Толпа в сквере вновь разразилась радостными криками. Джесса не думала, что выражение ее лица изменилось, но Сент-Джон тихо произнес:

– Вы сможете.

Удивленная его проницательностью, она повернулась и подошла к отцовскому столу.

– Но хочу ли я?

Джесса сказала это почти шепотом, но он услышал ее.

– Только вы.

Она повернулась к нему:

– Если только я могу победить его, значит, причина всего лишь в моем имени.

– В чем бы ни было.

– Никто не должен быть избран только из-за этого, – настаивала Джесса, прислонившись к столу. – Так же как Олден не должен быть избран только потому, что он достаточно богат и может позволить себе широкомасштабную кампанию. Он не сам заработал эти деньги.

Сент-Джон молча посмотрел на нее, приподняв одну бровь. И снова она почувствовала необходимость пуститься в объяснения, хотя ее не спрашивали:

– Деньги заработал его дед. Лесозаготовки, бумага, перевозки. Мой папа говорил, что он был отличный предприниматель. Его сын, очевидно, унаследовал способность к бизнесу, но он и его жена погибли в автокатастрофе. По словам папы, это разбило сердце старику.

Сент-Джон, казалось, внимательно слушал, поэтому Джесса продолжала говорить, хотя не вполне понимала его интерес. Возможно, это было просто стремление знать все о противнике.

– Моя мать думает, что дед испортил Олдена – давал ему все, что тот хотел, никогда не заставляя работать, из-за того, что он потерял родителей. Думаю, это объясняет многое.

– Не все.

Сент-Джон произнес это так же тихо, как Джесса, спрашивая, хочет ли она участвовать в этом донкихотском предприятии. Но она услышала это, хотя не знала, что он имеет в виду. Он знал что-то о наклонностях Олдена?
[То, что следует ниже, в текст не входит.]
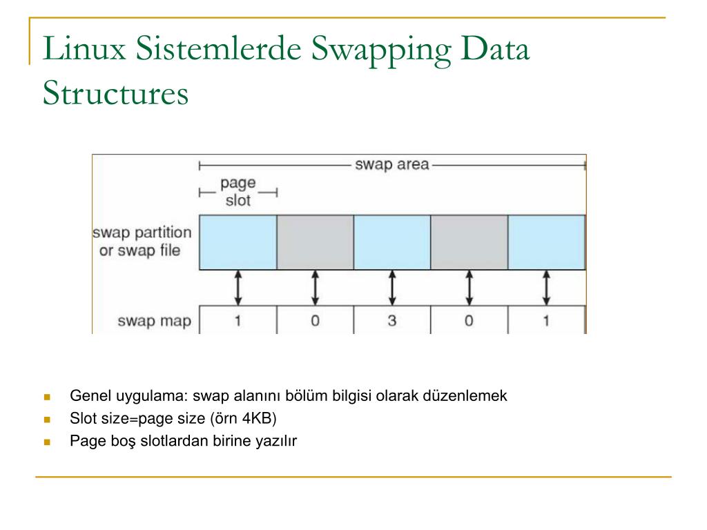 Linux Sistemlerde Swapping Data Structures • Genel uygulama: swap alanını bölüm bilgisi olarak düzenlemek • Slot size=page size (örn 4KB) • Page boş slotlardan birine yazılır

– Я знала его сына, – внезапно сказала Джесса.

Прошло несколько секунд, прежде чем он промолвил без всякого выражения:

– Того, который умер.

«Господи, законченная фраза! Неужели потрясение было настолько сильным?»

– Да, – ответила она, опомнившись. – Того, который – официально – погиб во время страшной бури и наводнения здесь двадцать лет назад.

– Официально?

Джесса почти жалела, что начала этот разговор. Незачем было затевать его с посторонним. И все же она продолжала вести себя с ним нетипично для нее с того дня, как он появился здесь… Неужели это было всего три дня назад?

– Я этому не верю.

Ей показалось, что он внезапно напрягся.

– Почему?

– Как я сказала, я знала Эдама. Знала о его отношениях с отцом. Какими… плохими они были.

Она услышала слабое эхо этого напряжения в его голосе, когда после паузы, во время которой Сент-Джон, казалось, мучительно подбирал слова, он захотел уточнить:

– В смысле?

– Не думаю, что Эдама случайно унесло потоком воды. Мне кажется, он позволил этому случиться. Или даже способствовал этому.

– Как его мать?

– Да. Она сама покончила со своими горестями – может, он тоже сделал это.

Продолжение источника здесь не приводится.